In 2002, Bloomberg told the COIB that the largest customer on the list accounted for less than 4 percent of total revenue, but no one knows how much that might have changed since then. (When the board got a fresher list of the top 100, still unranked, in December 2007, it says it mistakenly forgot to post it.) Bloomberg LP customers like Goldman Sachs, Bear Stearns, AIG, Citigroup, Credit Suisse, Deutsche Bank, HSBC Bank, J.P. Morgan Chase, Lehman Brothers, Bank of New York, Tullett & Tokyo, Morgan Stanley, GFI, State Street Bank, and Merrill Lynch have all hired lobbyists to lobby the Bloomberg administration, with several specifying the mayor's office.
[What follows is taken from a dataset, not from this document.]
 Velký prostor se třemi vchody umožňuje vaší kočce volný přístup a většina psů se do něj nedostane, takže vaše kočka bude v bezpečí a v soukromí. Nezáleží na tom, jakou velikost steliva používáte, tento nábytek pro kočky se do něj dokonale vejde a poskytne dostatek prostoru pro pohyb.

Of the 124 companies on one or both of the Bloomberg LP lists, 33 appear on the Campaign Finance Board's list of companies doing business with the city.
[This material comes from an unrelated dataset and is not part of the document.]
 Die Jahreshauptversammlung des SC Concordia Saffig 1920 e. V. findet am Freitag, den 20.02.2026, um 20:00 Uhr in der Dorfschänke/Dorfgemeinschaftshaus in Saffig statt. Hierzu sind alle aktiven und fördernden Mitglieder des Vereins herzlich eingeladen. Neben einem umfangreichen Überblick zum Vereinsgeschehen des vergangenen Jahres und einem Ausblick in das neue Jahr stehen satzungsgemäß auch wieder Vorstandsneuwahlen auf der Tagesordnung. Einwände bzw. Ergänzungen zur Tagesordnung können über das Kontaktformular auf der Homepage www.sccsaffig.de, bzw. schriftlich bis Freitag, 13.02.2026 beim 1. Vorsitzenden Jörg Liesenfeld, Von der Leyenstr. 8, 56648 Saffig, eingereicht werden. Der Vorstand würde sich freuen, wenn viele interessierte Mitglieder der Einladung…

Citigroup, which was the only other office tenant in the Bloomberg LP headquarters building and is now subleasing its vacated space to Bloomberg LP, even lobbied City Hall—and Doctoroff, in particular—on behalf of the Alternative Investments Group, the very unit located in the Lexington Avenue tower. Goldman Sachs had so many issues before the administration that it took seven pages to list its lobbying activities in the city clerk system (it spent almost a million dollars). When the city and state approved $1.6 billion in low-cost, tax-exempt bonds for Goldman's new downtown headquarters in 2005, Doctoroff justified it by saying that Wall Street's top firm might otherwise leave the city. Last year, the Daily News editorialized that Bloomberg was "taken to the cleaners" in the Goldman deal. The city and state "are in line to forfeit a whopping $321 million to Goldman because the governor and mayor agreed to contract terms that were downright foolhardy." Because of the meager demands of the COIB opinion, no one knows how big a Bloomberg customer Goldman was when it won this largesse.
The botched and deadly demolition at the Deutsche Bank site had been rushed by Doctoroff to clear the way for a new headquarters for another Bloomberg LP client: J.P. Morgan Chase. While the Goldman and Morgan projects are unquestionably projects any city administration would support, their worthiness is irrelevant to the conflict questions, which revolve around the appearance of impropriety at the highest levels of administration, the core question that the COIB routinely deals with aggressively when it fines lower-level city officials.